Obviamente, quase nada tem preço e, na maioria das lojas, os vendedores nem olham pra tua cara. Você com sua cara de óbvia de turista não está a fim de comprar 25 cachecóis duma vez e por isso eles não tão muito interessados em você não. A não ser pelo fato de que eles podem dizer o preço que bem entenderem e ainda assim você vai achar barato. De qualquer jeito, se algo parecer meio absurdo, olhe na banquinha do lado e dê uma choradinha. A tentiada é livre, como sempre.

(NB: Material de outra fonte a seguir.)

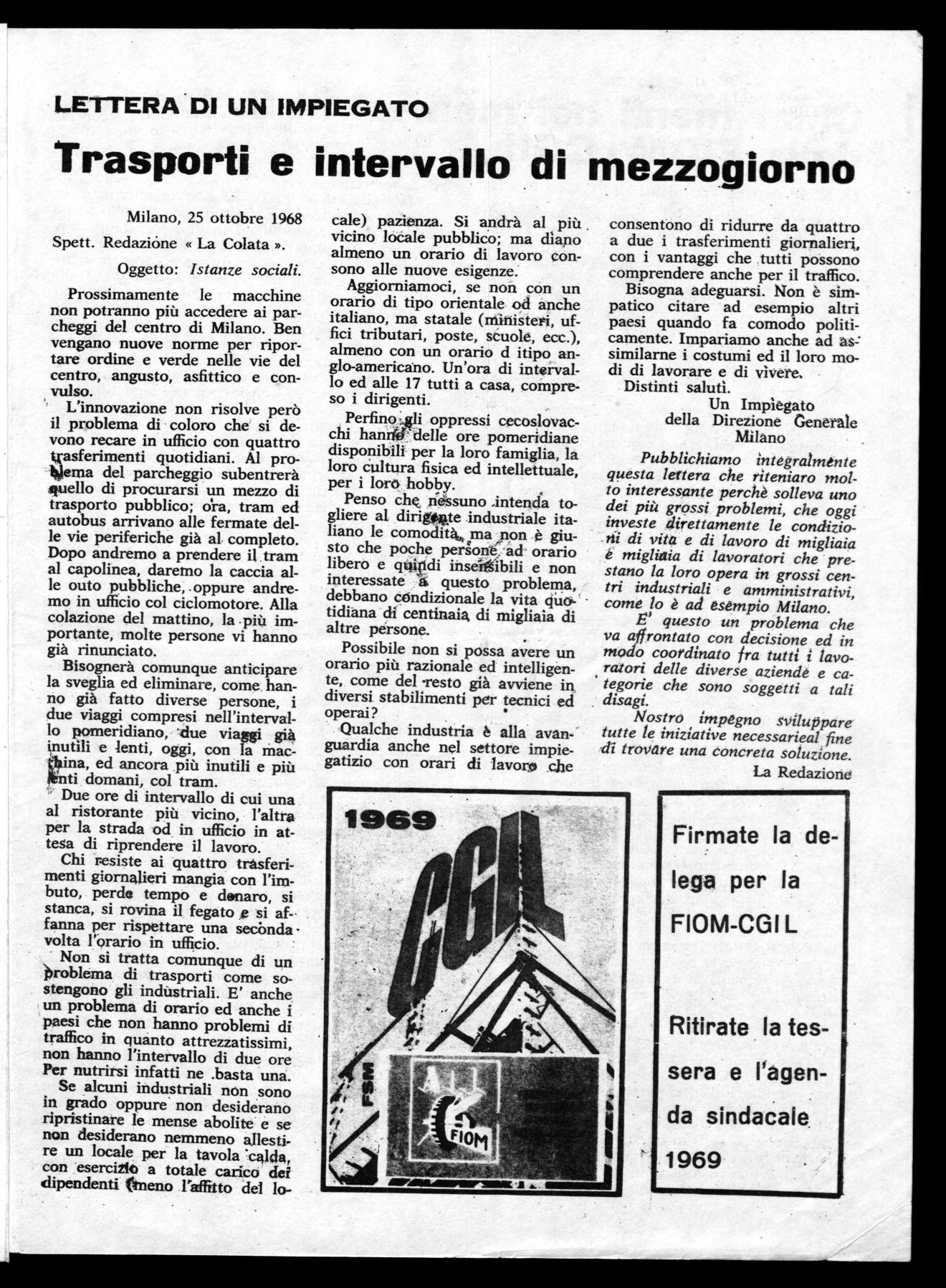 Pubblichiamo integralmente questa lettera che riteniaro molto interessante perchè solleva uno dei più grossi problemi, che oggi investe direttamente le condizioni di vita e di lavoro di migliaia é migliaia di lavoratori che prestano la loro opera in grossi centri industriali e amministrativi, come lo è ad esempio Milano.

O mercado fica numa vizinhança com uns prédios de indústria abandonado. Visual bacaninha :D
Pra ter uma noção, saí de lá com um colar, uma bolsa e um cachecol por 11 euros. Bem baratinho. Quem comprar demais nas férias e precisar duma mala nova pra voltar pra casa, aproveite o passeio pra levar aqui. É bem mais barato que em qualquer outro lugar (a não ser que seja época das grandes liquidações nas lojas grandes). Ah, e tem que ir quando tiver no clima de fazer compras meeeesmo. Leva manhã ou uma tarde inteira a função. Só chegar até lá já leva um bom tempo, o negócio é grande e eles não aceitam trocas. Sendo assim, é bom prestar bastante atenção no que você está comprando, porque não tem volta. Outro detalhe é: não rola comprar com cartão de crédito, mas no galpão 3 tem um caixa eletrônico.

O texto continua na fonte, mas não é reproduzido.